_WHAT YOU ARE ASKED TO DO_
Using the records that follow, reproduce exactly the lines starting at the line containing "Download Bern, Switzerland, Aare" and ending at the line containing "在宣传统战部牵头策划下,文学". Include both end lines and no pictures.

[GIVEN INFORMATION]

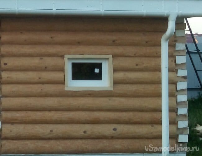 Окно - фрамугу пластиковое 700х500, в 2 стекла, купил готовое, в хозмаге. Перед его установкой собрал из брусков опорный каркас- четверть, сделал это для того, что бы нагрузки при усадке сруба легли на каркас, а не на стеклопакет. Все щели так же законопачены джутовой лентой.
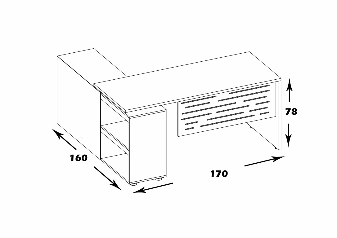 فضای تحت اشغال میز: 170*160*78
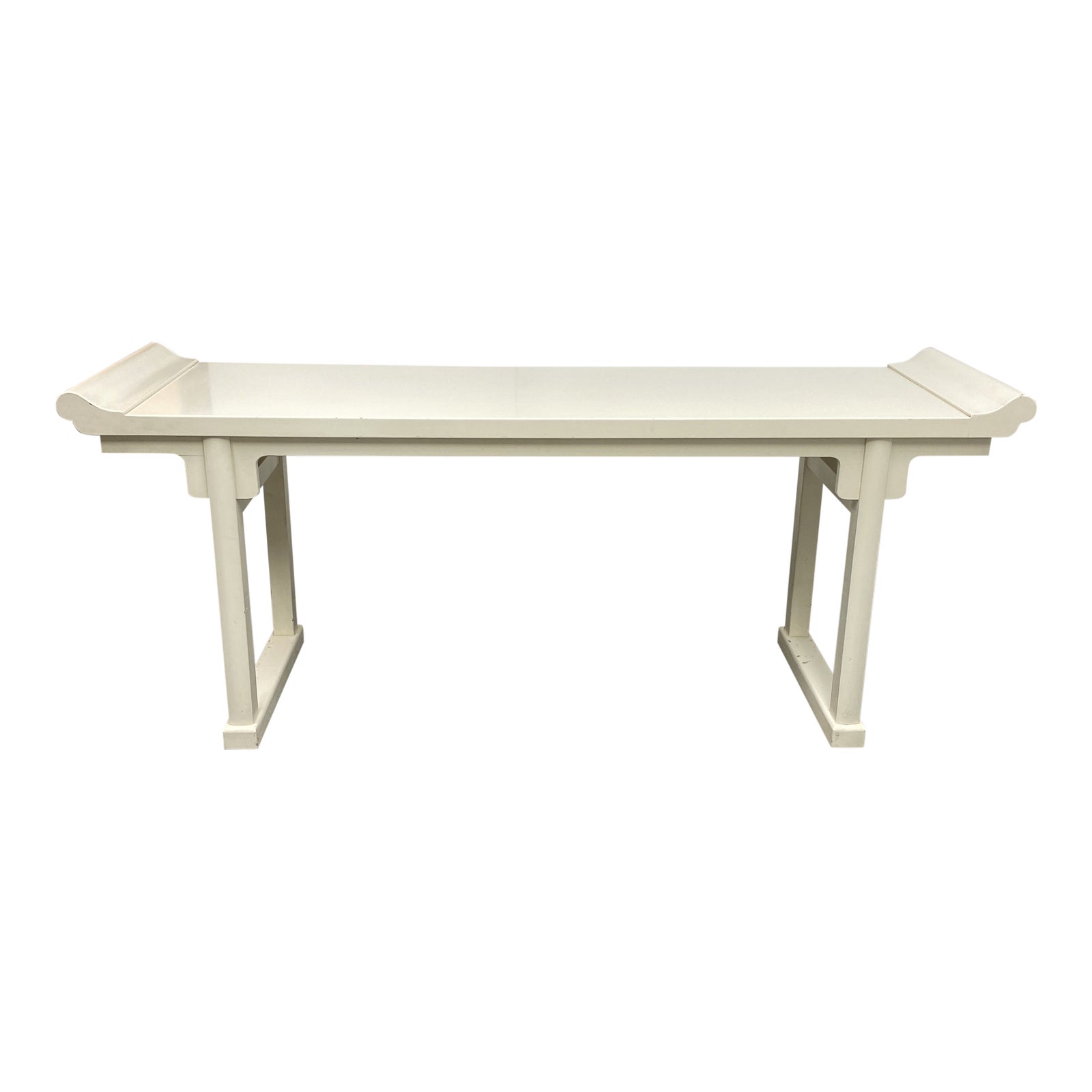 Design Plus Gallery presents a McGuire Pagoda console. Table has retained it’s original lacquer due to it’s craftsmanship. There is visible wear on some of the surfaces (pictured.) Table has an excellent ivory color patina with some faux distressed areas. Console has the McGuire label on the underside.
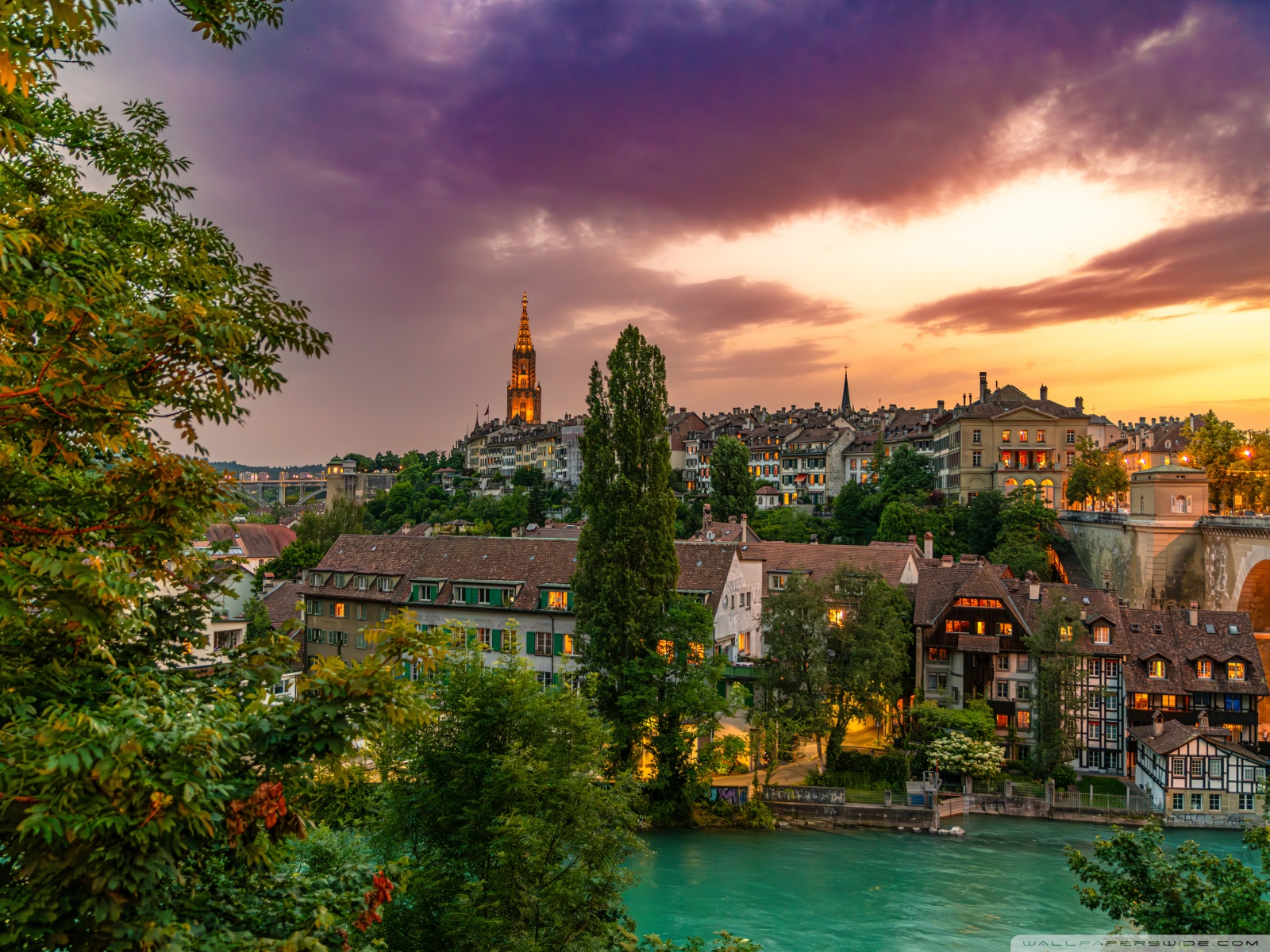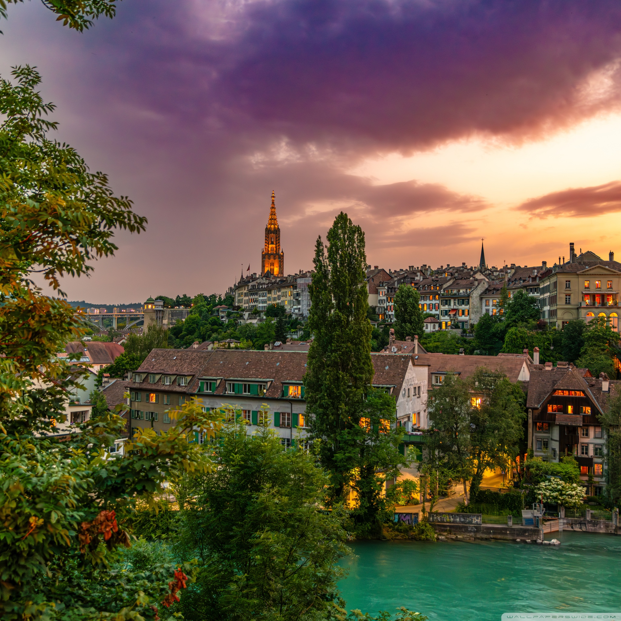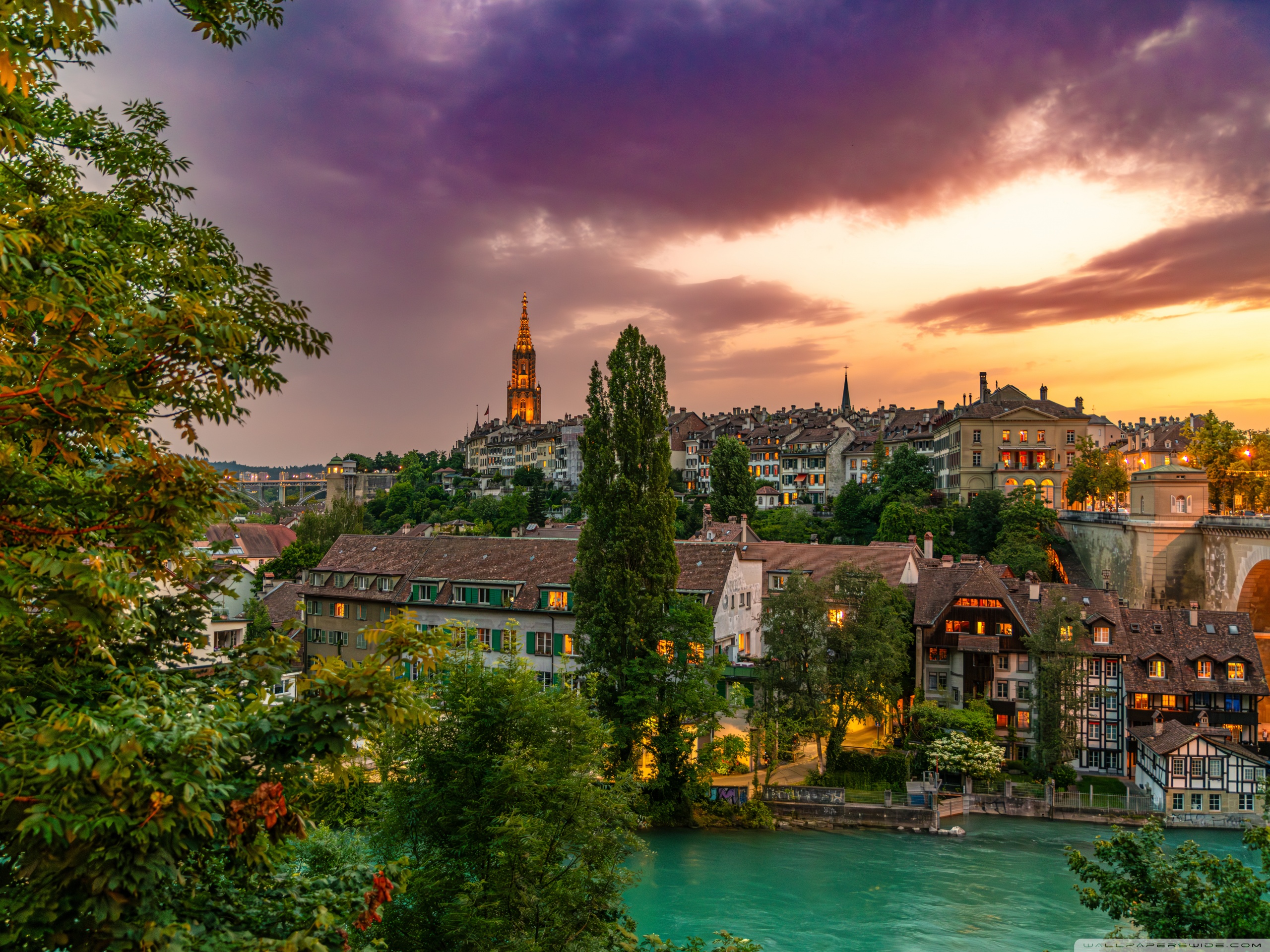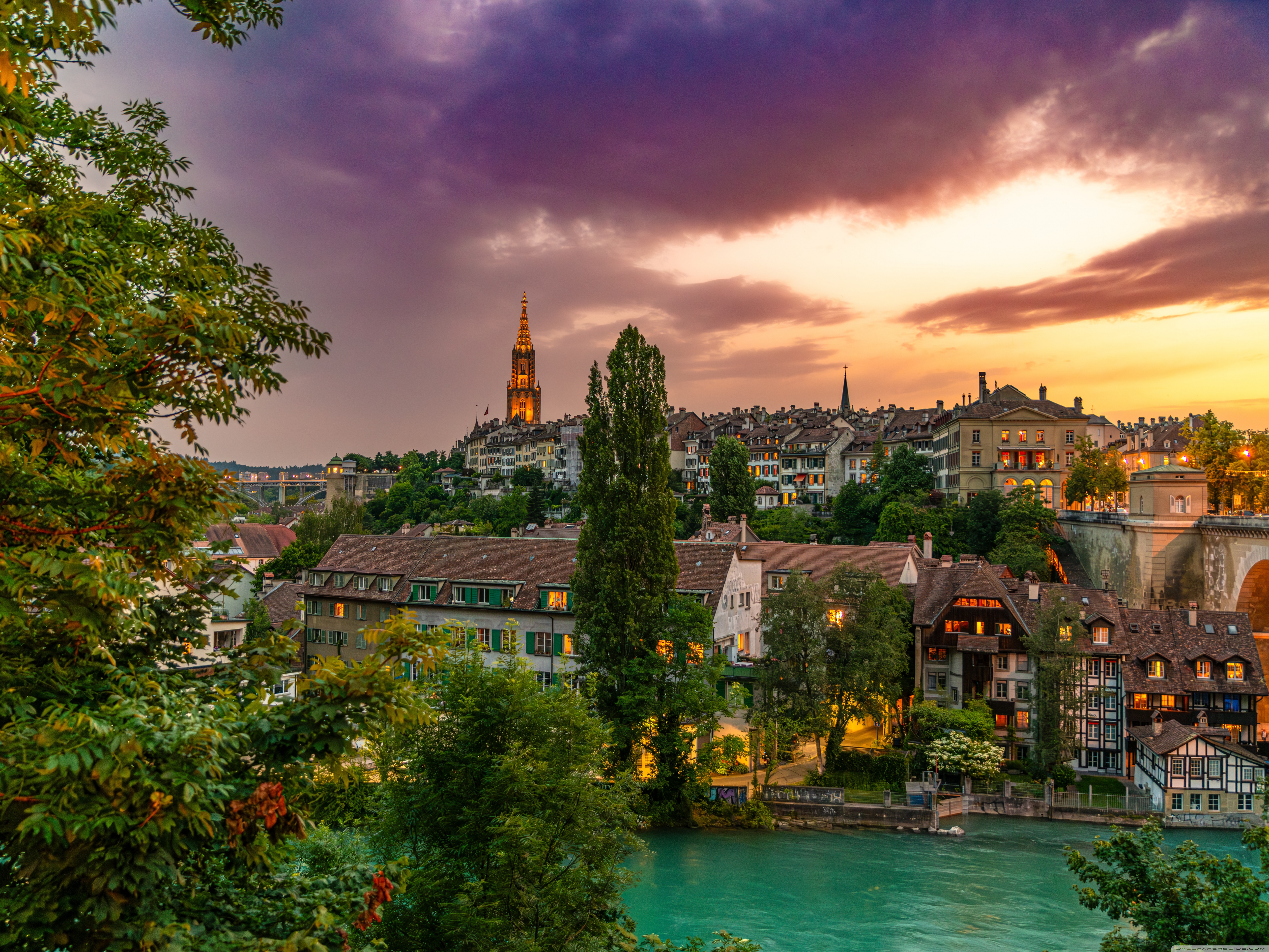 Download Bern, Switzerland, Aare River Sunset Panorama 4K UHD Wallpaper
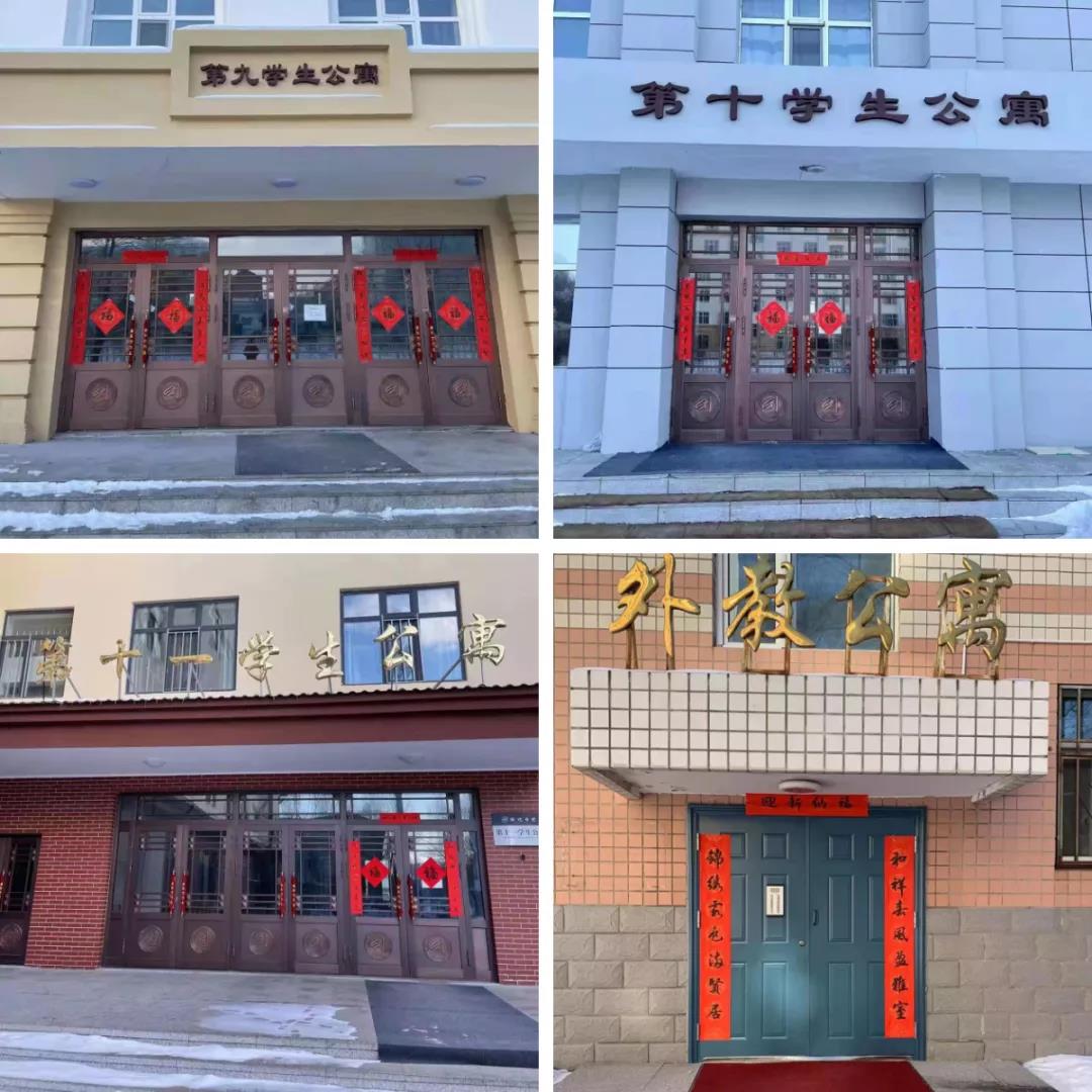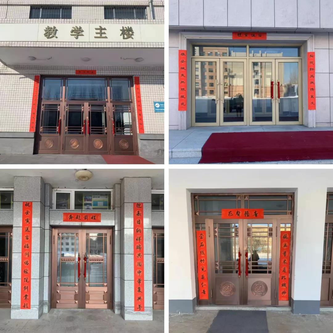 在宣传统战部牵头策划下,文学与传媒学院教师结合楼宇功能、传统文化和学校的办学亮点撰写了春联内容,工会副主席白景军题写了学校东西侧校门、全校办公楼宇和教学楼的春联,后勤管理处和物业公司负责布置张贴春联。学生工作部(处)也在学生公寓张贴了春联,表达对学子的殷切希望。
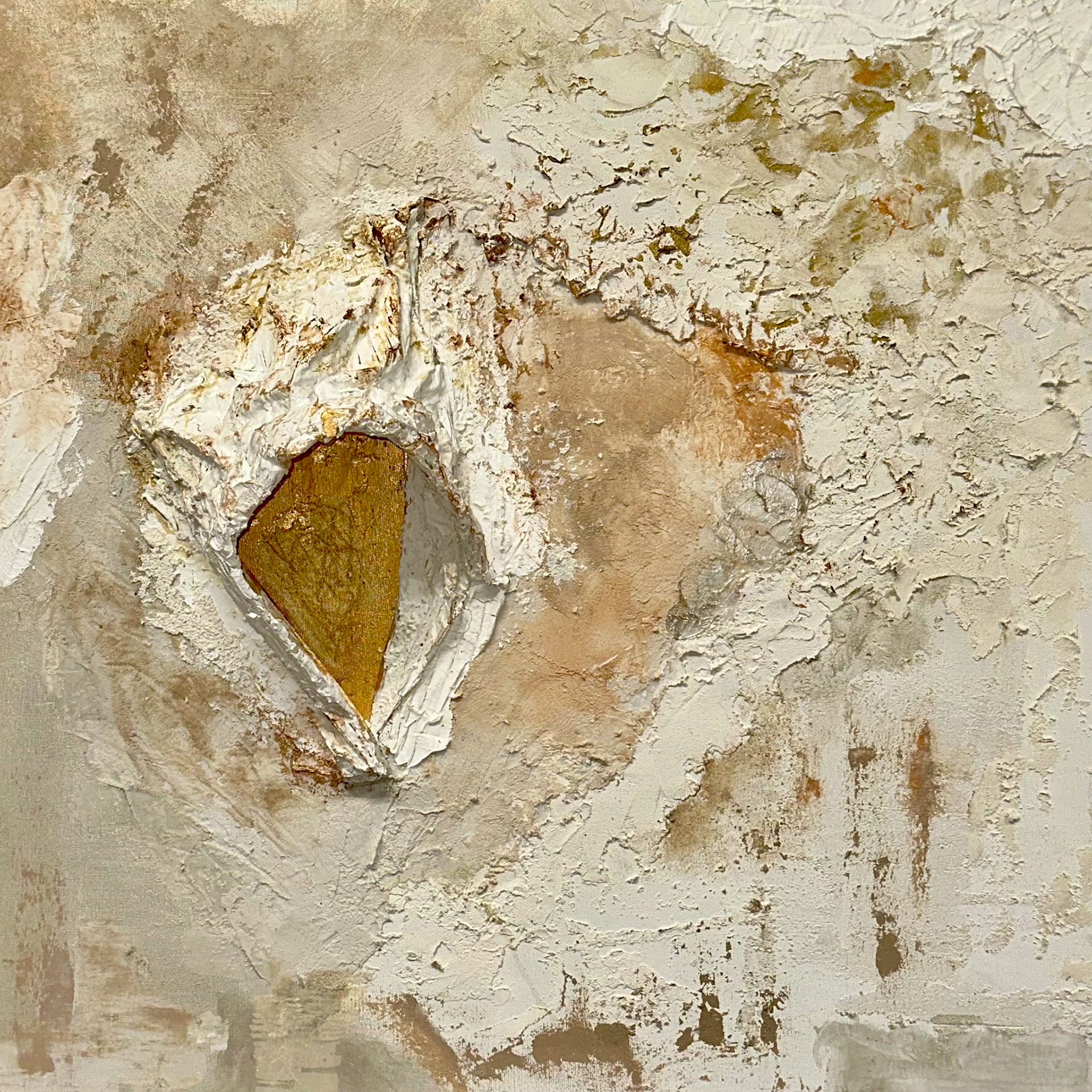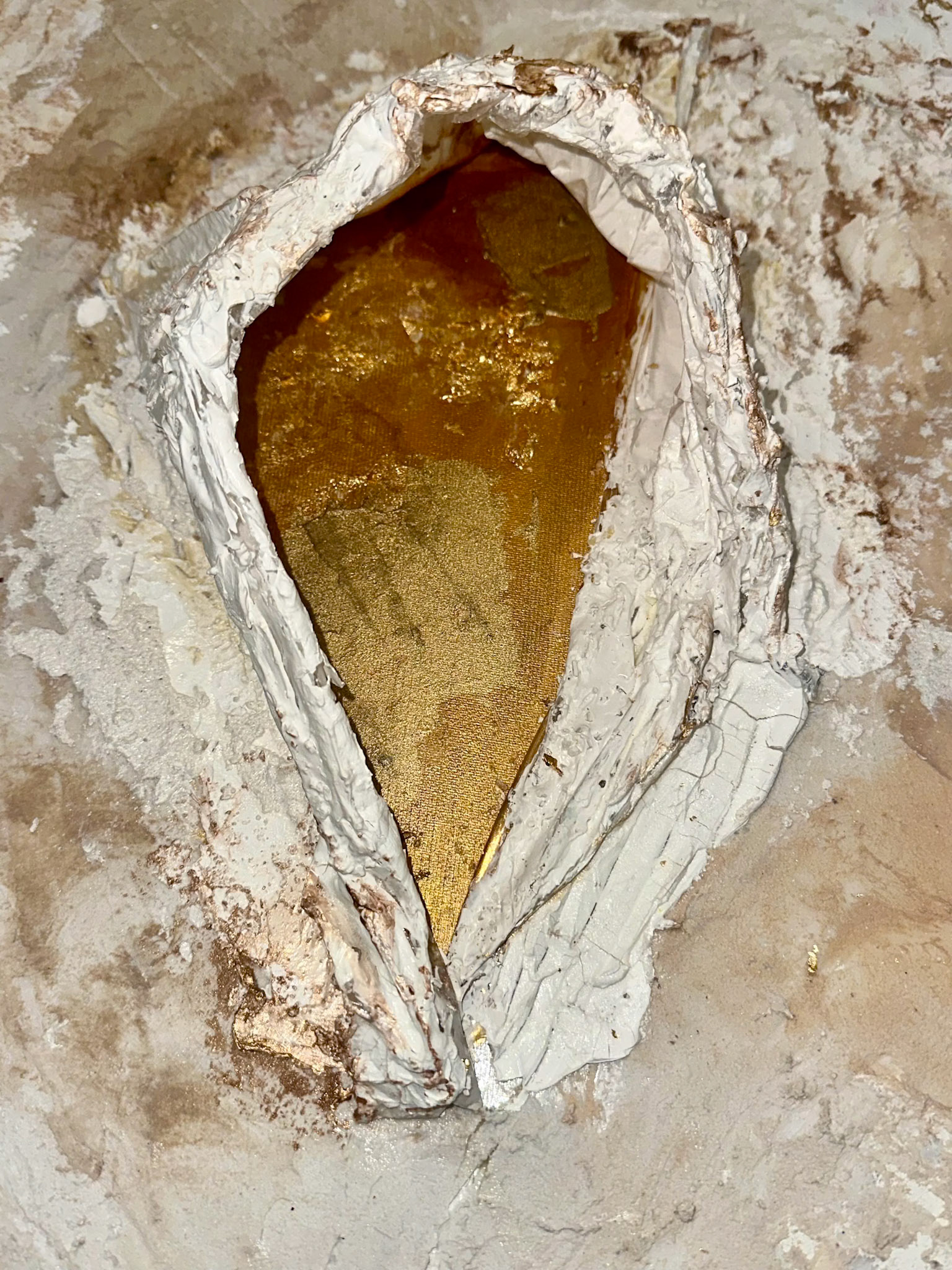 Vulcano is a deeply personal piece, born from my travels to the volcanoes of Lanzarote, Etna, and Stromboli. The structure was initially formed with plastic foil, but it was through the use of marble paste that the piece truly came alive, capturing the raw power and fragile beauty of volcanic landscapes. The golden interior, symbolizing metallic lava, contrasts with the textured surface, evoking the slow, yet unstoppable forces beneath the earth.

[/GIVEN INFORMATION]

_RESPONSE BELOW_
 Download Bern, Switzerland, Aare River Sunset Panorama 4K UHD Wallpaper
 在宣传统战部牵头策划下,文学与传媒学院教师结合楼宇功能、传统文化和学校的办学亮点撰写了春联内容,工会副主席白景军题写了学校东西侧校门、全校办公楼宇和教学楼的春联,后勤管理处和物业公司负责布置张贴春联。学生工作部(处)也在学生公寓张贴了春联,表达对学子的殷切希望。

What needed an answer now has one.